The third objective of the current study was to examine the extent to which NWR for children with CIs is influenced by factors other than psycholinguistic skills. In particular, the question was whether NWR is affected by demographic factors such as socioeconomic status or audiological factors such as age of receiving a first CI. If NWR is heavily influenced by these external factors for these children, then NWR scores themselves offer little additional power for predicting language skills over what is available from knowing the child's socioeconomic status and age of receiving a first implant. In this case, it would not serve as a valuable clinical tool.

The fourth objective of the current study was to examine the set of language abilities that might be predicted by NWR for children with CIs. The more language skills that are well-predicted by this task, the more useful NWR could be as an assessment tool with this population of children. In particular, skills in three categories were examined as potentially predictable from NWR scores: vocabulary knowledge, reading abilities, and grammar.

Method

Participants

There were 104 participants in this study, in two groups: 49 with NH and 55 with CIs.

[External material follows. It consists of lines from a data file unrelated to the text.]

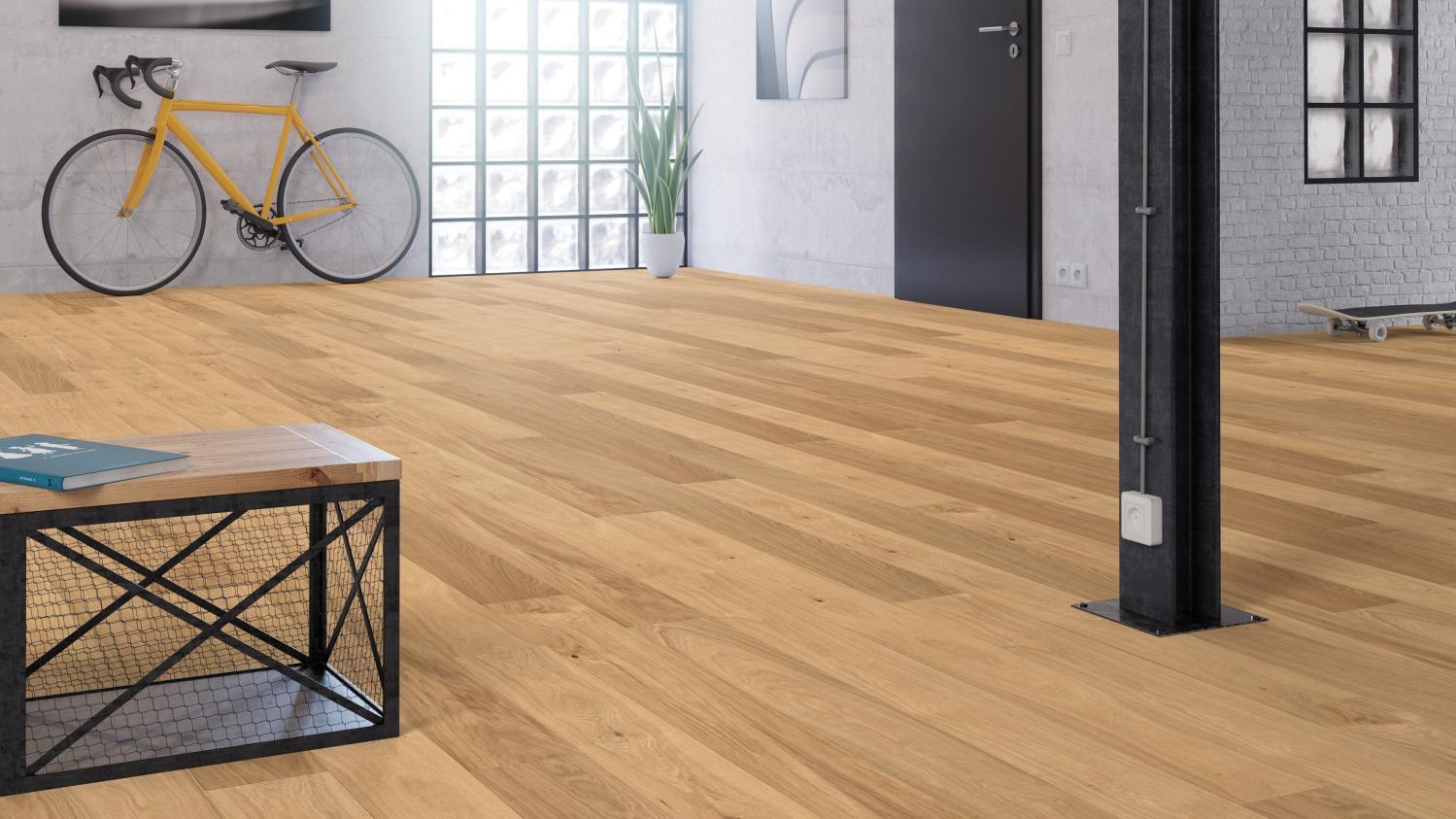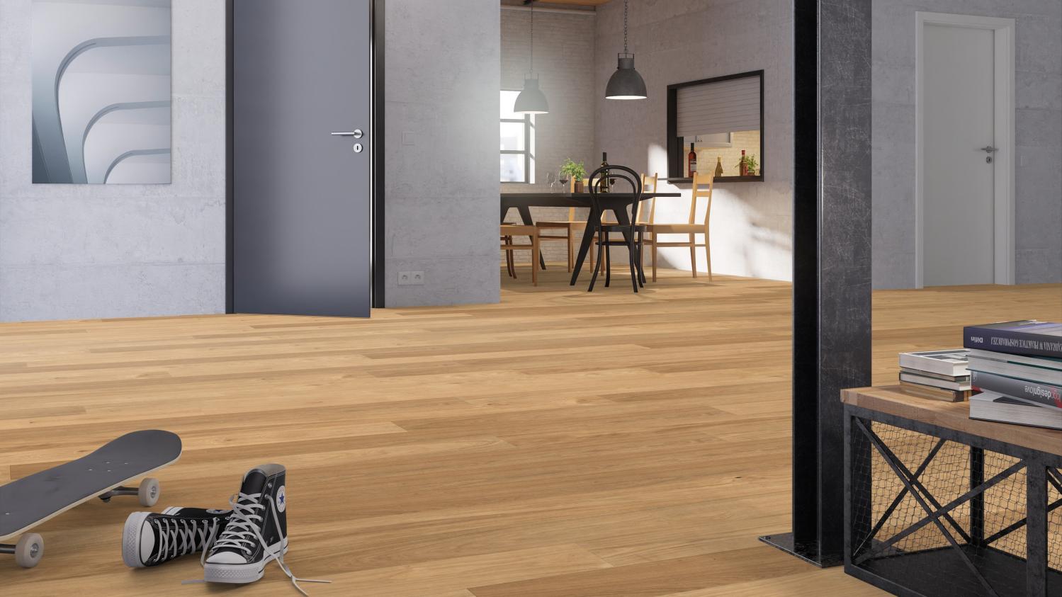 Ciesz się urokiem prawdziwej drewnianej podłogi: Dzięki parkietowi dębowemu Markant strukturyzowanemu z serii 4000 desek w stylu rustykalnym Haro jesteś o krok bliżej natury.
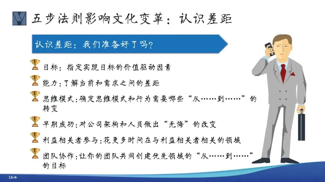 认识差距:明确价值驱动因素(实现目标的关键),分析能力差距,确定思维模式“从…到…”转变,尽早做“无悔改变”(如架构/人员调整)。
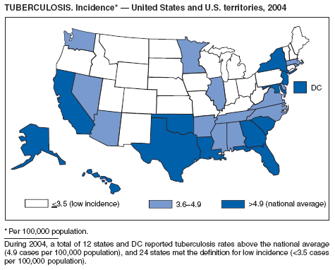CDC. Reported tuberculosis in the United States, 2003. Atlanta, GA: US Department of Health and Human Services, CDC; 2004. Available at http://www.cdc.gov/nchstp/tb.
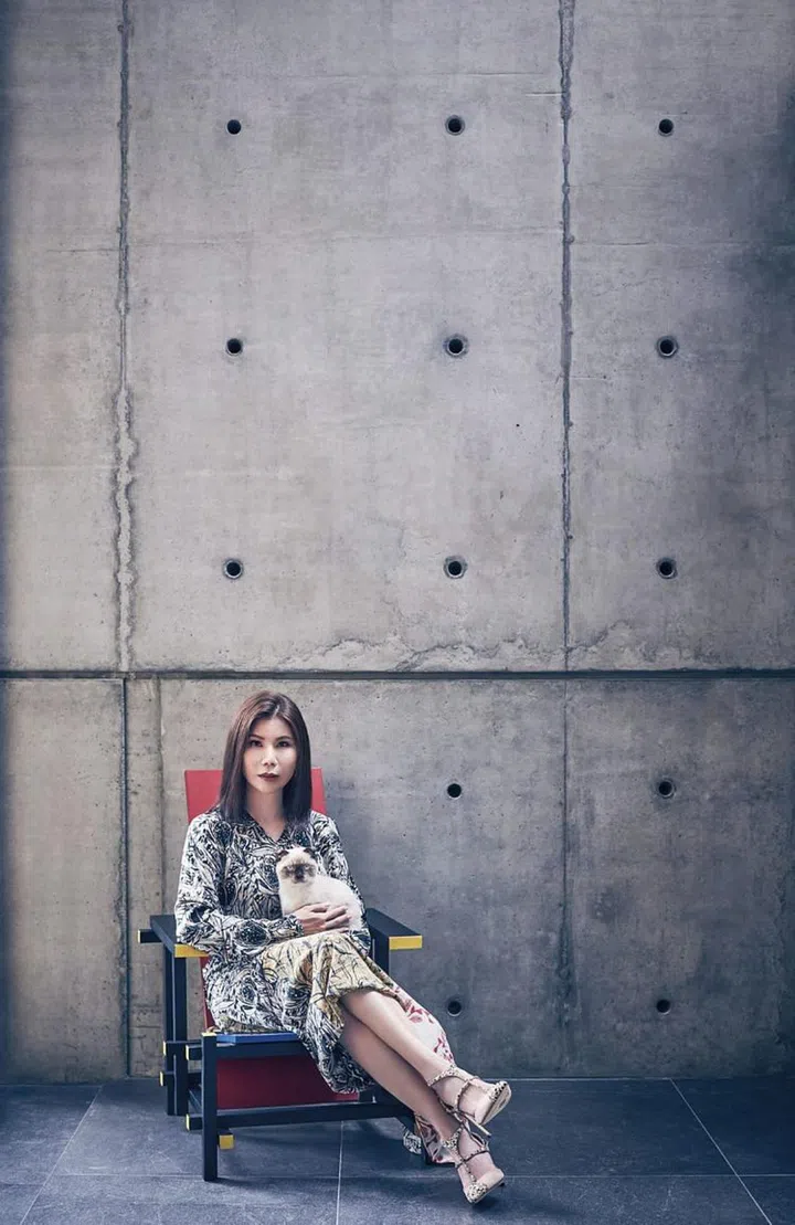 蔡玮玮Weekend Max Mara真丝裙/Max Mara、皮革高跟鞋/Jimmy Choo。
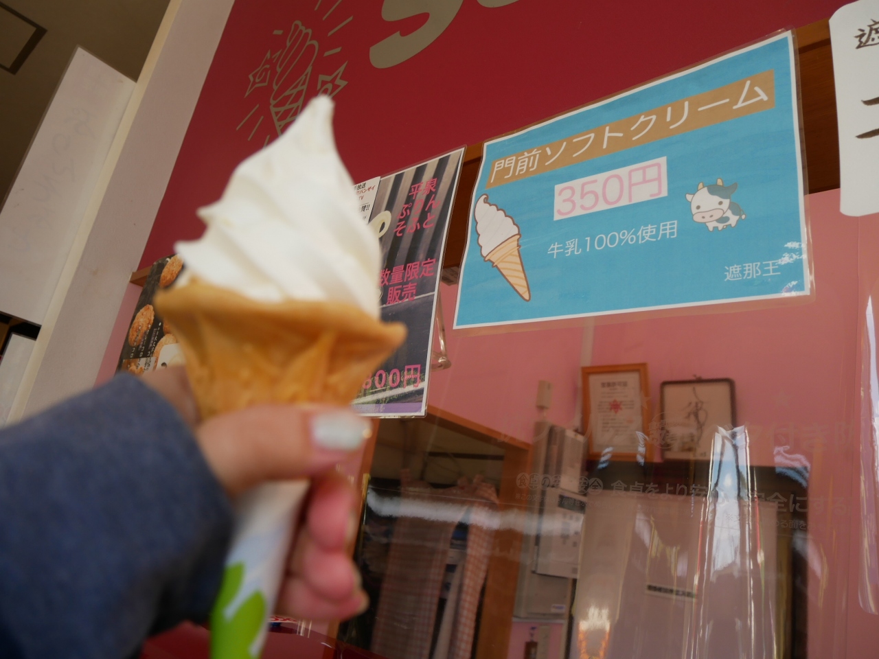 お土産はもちろん売っていますが、門前ソフトクリームも売っていたので思わず購入。
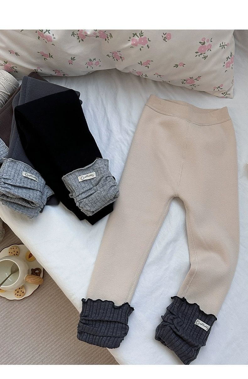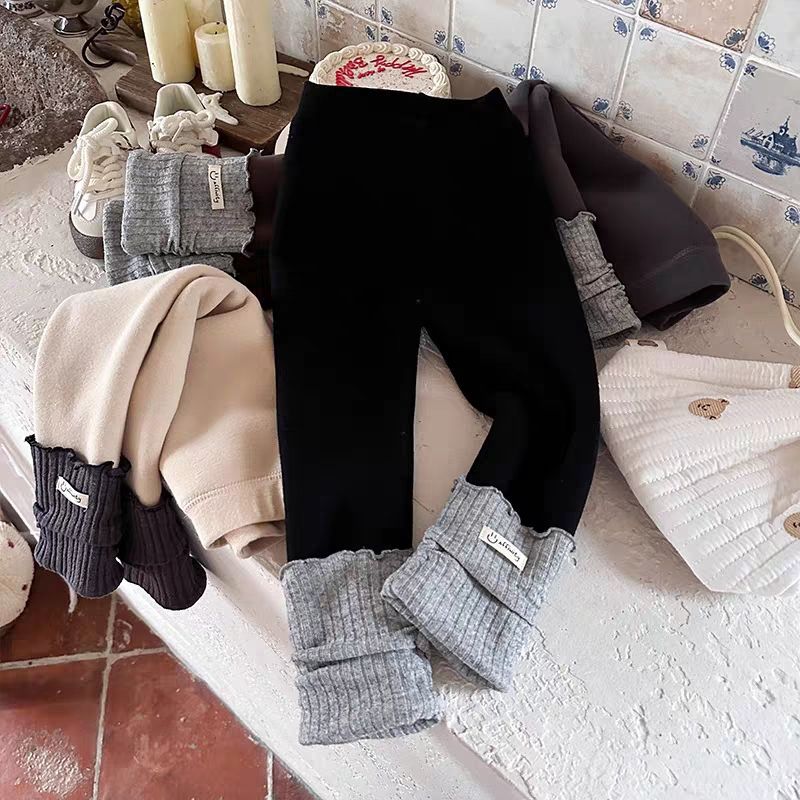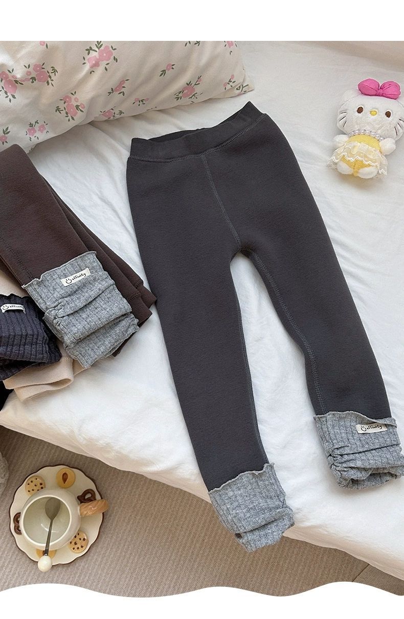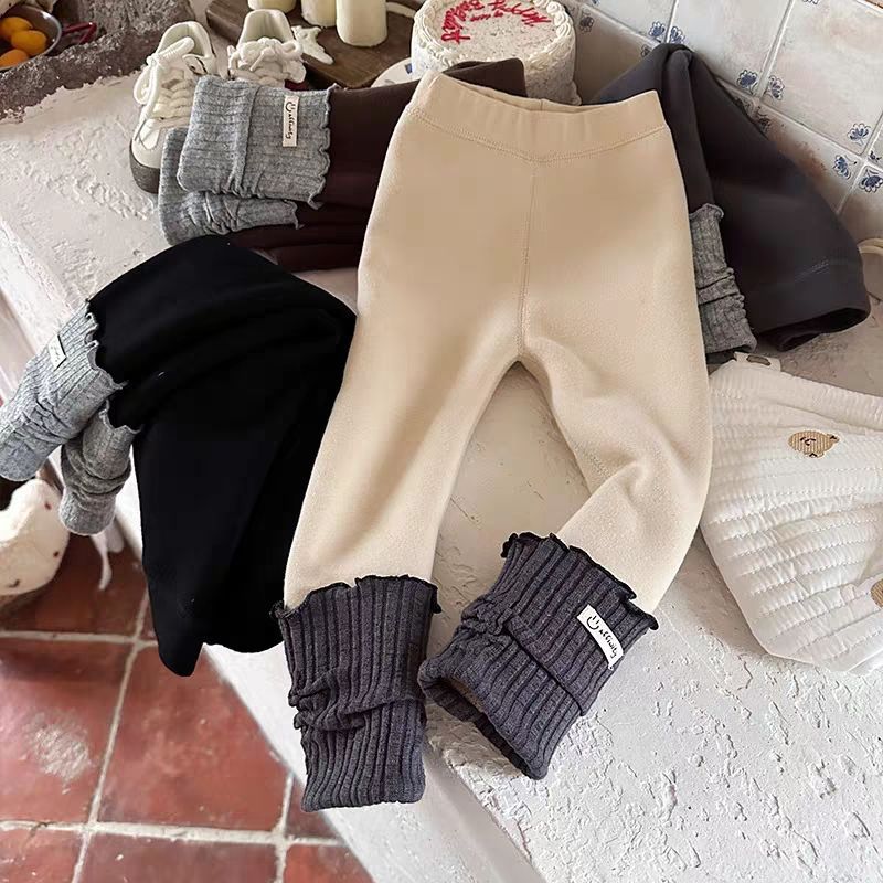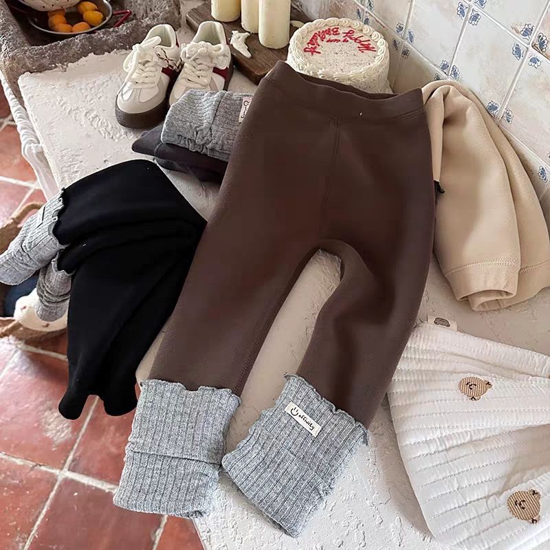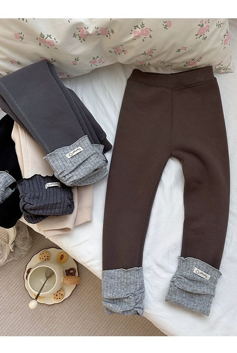 여아 가을 겨울 레깅스, 아기들을 위한 스타일리쉬한 아동용 트렌디한 한국 스타일 배색 기모 패딩 팬츠
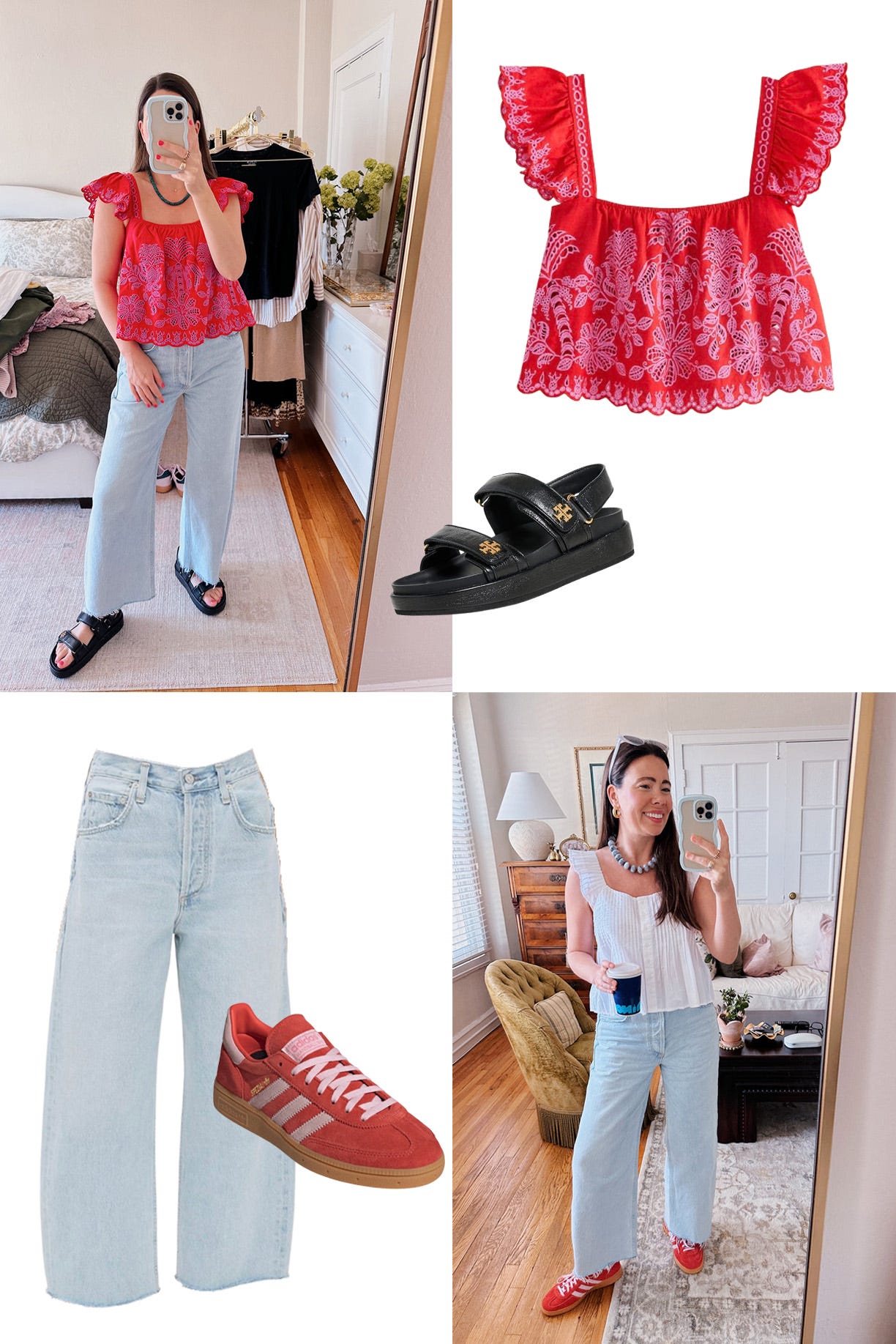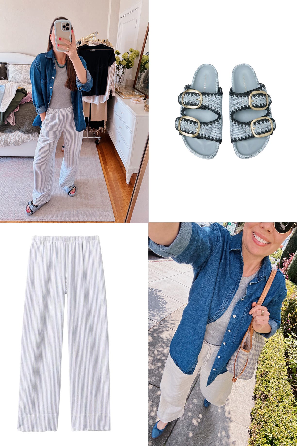 The denim top I’ve been styling with them is sadly sold out, but I have a feeling it’ll be restocked for fall. It’s such a great in-between layer—somewhere between a poplin top and a jacket—one of those pieces that just works in a lot of ways.

These sample sizes provide 71% power and 99% power for detecting differences between groups with Cohen's ds of 0.5 and 1.0, respectively, with alpha set to 0.05. All these children had participated in an ongoing longitudinal study (e.g., Caldwell & Nittrouer, 2013; Nittrouer, 2010; Nittrouer et al., 2012; Nittrouer et al., 2013), and based on outcomes from earlier analyses done as part of that study, effect sizes of that magnitude or larger were anticipated. Consequently, adequate power was available.

All participants had just completed second grade when the data described in the current report were collected. Mean ages (and SDs) at the time of data collection were 8 years; 5 months (4 months) and 8 years; 7 months (6 months) for children with NH and those with CIs, respectively. In the NH group, there were 27 girls and 22 boys; in the CI group, there were 28 girls and 27 boys.

Socioeconomic status (SES) was indexed using a two-factor scale on which both the highest educational level and the occupational status of the primary income earner in the home is considered (Nittrouer & Burton, 2005). Scores for each of these factors range from 1 to 8, with 8 being high. Values for the two factors are multiplied together resulting in a range of possible scores from 1 to 64. In general, a SES score of 30 represents a household in which the primary income earner has a four-year university degree and a job such as a mid-level manager or a teacher. Means (and SDs) for SES were 35 (13) and 33 (11) for children with NH and children with CIs, respectively.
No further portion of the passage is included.